Ale chciałem im powiedzieć coś więcej: chciałem do nich najgoręcej zaapelować, żeby w tej obecności już trwali, żeby swoim świadectwem przyciągali do niej swoich przyjaciół, rówieśników. Chciałem im powiedzieć, że to od nich, od ich aktywnego udziału w obywatelskiej opozycji, zależy w dużej mierze sukces naszych protestów. Chciałem się z nimi podzielić doświadczeniem przepełnionego troską starego człowieka taką oto, że  najżarliwsze nawet okrzyki już nie wystarczą; że sukcesu nie będzie, bez skreślenia choćby zarysu programu dla po-PiSowskiej Polski – odważnego programu, na który wciąż nie może zdobyć się parlamentarna opozycja, którego skreślenie z takim trudem przychodzi również opozycji obywatelskiej. Programu, w którym patriotyzm (haniebnie zawłaszczany przez prawicowy obóz rządzący) szedłby harmonijnie w parze z demokratycznym państwem prawa, jedynym i bezalternatywnym gwarantem obywatelskich wolności, równości szans i uczestnictwa w niepowtarzalnej europejskiej wspólnocie. Programu, który stwarzałby przestrzeń współdziałania dla dobra wspólnego wszystkim opcjom politycznym, zarówno tym „z lewej”, z centrum, jak „z prawej”, z wykluczeniem jedynie siejącego nienawiść, toksycznego nacjonalizmu; programu inkluzywnego, który otwierałby się również na tych, którzy się pomylili i w swojej frustracji, w swoim (często subiektywnym, ale często też uzasadnionym) rozżaleniu na wykluczenie, szukając zmiany, nieopacznie postawili swój krzyżyk na karcie wyborczej w rubryce PiS; którzy jakże chętnie chcieliby się z tego wycofać, ale nie bez gwarancji, że wykluczenia już nie będzie, że priorytetem przyszłej Polski będzie nie autostrada, a Człowiek.

Tak więc chciałem im powiedzieć, tym młodym, wrażliwym Polakom, którzy licznie przyszli pod gmach SN „tego dnia”, jakże bliskim mi i drogim moim współobywatelom, że oczekuję od nich nie tylko wznoszenia wspólnych okrzyków, że „nie oddamy”, bo marzy mi się coś więcej.
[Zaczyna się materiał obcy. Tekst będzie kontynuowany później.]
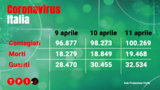 Come ogni giorno, anche oggi, sabato 11 aprile 2020, il capo della Protezione civile Angelo Borrelli ha fornito nella consueta conferenza stampa delle ore 18 i dati relativi all’epidemia di Coronavirus in Italia contenuti nell’ultimo bollettino. Questi i nuovi dati aggiornati letti da Borrelli.
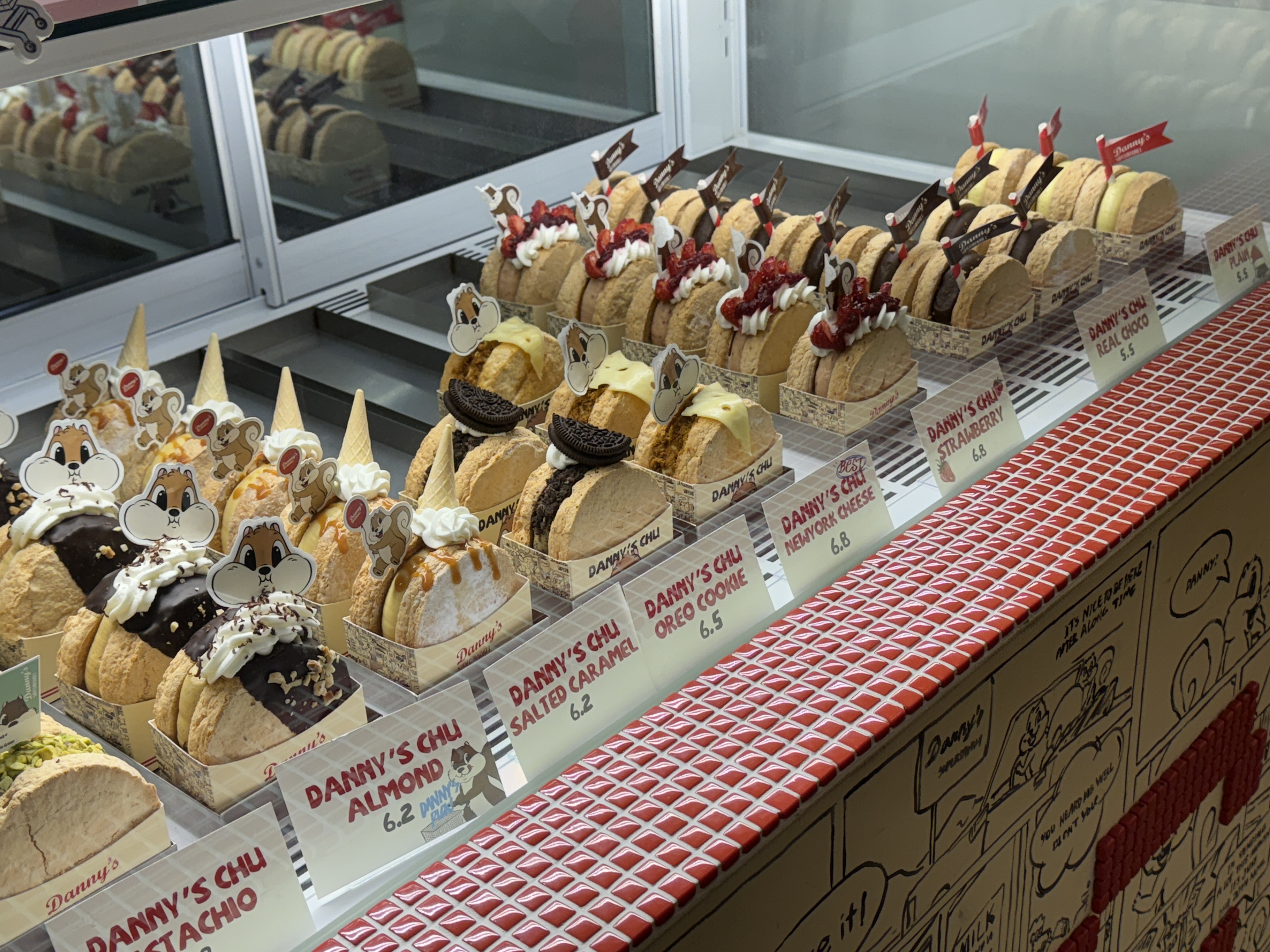 미국의 슈퍼마켓에 잠시 들른 것 같은 재미있는 경험을 해주는 장소는 또 하나의 성수동 ‘대니스 수퍼 마켓’입니다. 이케아 속 푸드코트처럼 귀여운 굿즈들과 빨간색 카트, 마트에 마련된 조그만 테이블들이 눈에 띄는데요. 대표적인 메뉴로는 츄러스를 포함해 도넛과 파이류들 그리고 티셔츠 같은 제법 퀄리티가 좋은 굿즈를 구매할 수 있습니다. 카트부터 시리얼 박스까지 손님들이 자유롭게 컨셉 사진을 연출하기 좋게 공간의 구석구석을 알뜰하게 꾸며둔 것이 눈에 띕니다. 친구, 연인 뿐 아니라 우리 반려동물과도 동반이 가능한 공간이니 참고하시길 바랍니다.
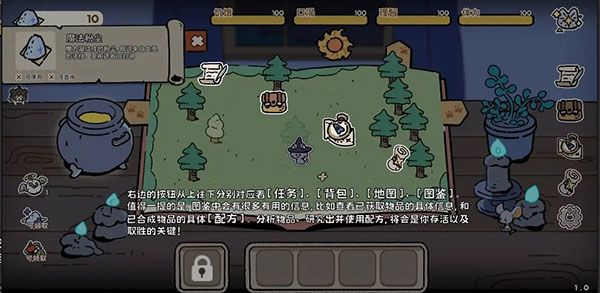 物品的采集、使用与合成大概说完了,那——我们要如何找到"女巫"呢?待在原地肯定是找不到"女巫"的,小猫咪,走动起来!游戏中,玩家需要长按童话书本的上、下、左、右四个书签进行旅行。如果书本上缺失了书签,可能是被河流、沟壑挡住了道路,需要绕绕远路。需要注意的是,黑森林里的地图每次都是随机的。在游玩过程中,多多点击右侧的地图(指南针的小图标!)来给自己定位,说不定能更快到达自己想去的地方

Marzy mi się, żeby to oni wzięli na siebie ten wielki trud skreślenia programu dla Polski przyszłości, dla Polski bardziej niż kiedykolwiek demokratycznej i praworządnej; dla Polski europejskiej i otwartej na świat. Dla Polski uśmiechniętej i przyjaznej wobec Człowieka, dla Polski wspólnej. Dla Polski na miarę ich aspiracji, na miarę rzeczywistości widzianej ich oczami. Marzy mi się, żeby to oni, nie skażeni jeszcze żądzą władzy, nie dotknięci bakcylem osobistych ambicji, pragnący autentycznych wyzwań, tworzyli program dla Polski moich nieustannych marzeń – marzeń mojego pokolenia, którego zaledwie zręby stworzyła Trzecia Rzeczpospolita. Żeby nie tylko trwali w tym naszym wspólnym proteście przeciwko złu, destrukcji, despocji, ale też żeby zdobyli się na zrozumienie dramatycznego wyzwania, jakie stoi przed Polską, któremu na imię opowiedzenie się za cywilizacją Zachodu, za fundamentami monteskiuszowskiej demokracji, za wartościami, o których mówi europejska Karta Praw Podstawowych. Żeby zdobyli się na przejęcie odpowiedzialności za nasz wspólny dom – za Polskę: bo nagle, jak grom z jasnego nieba przyszedł ich czas. Być może skracając czas beztroskiej młodości, każąc zmierzyć się z historycznym wyzwaniem, z podjęciem wymagającej odwagi decyzji, w jakiej rzeczywistości realizować będą swoje aspiracje, co przekażą swoim synom, córkom i wnukom.

Ot, takie moje marzenia – marzenia „starego subiekta” z „Lalki” Prusa przeniesionego w 21. wiek – marzenia tego pokolenia, które odchodzi. Związane z nadzieją. I z wiarą, że to, które wchodzi na polską scenę dziejową nie zawiedzie. Nie zawiedziecie, prawda?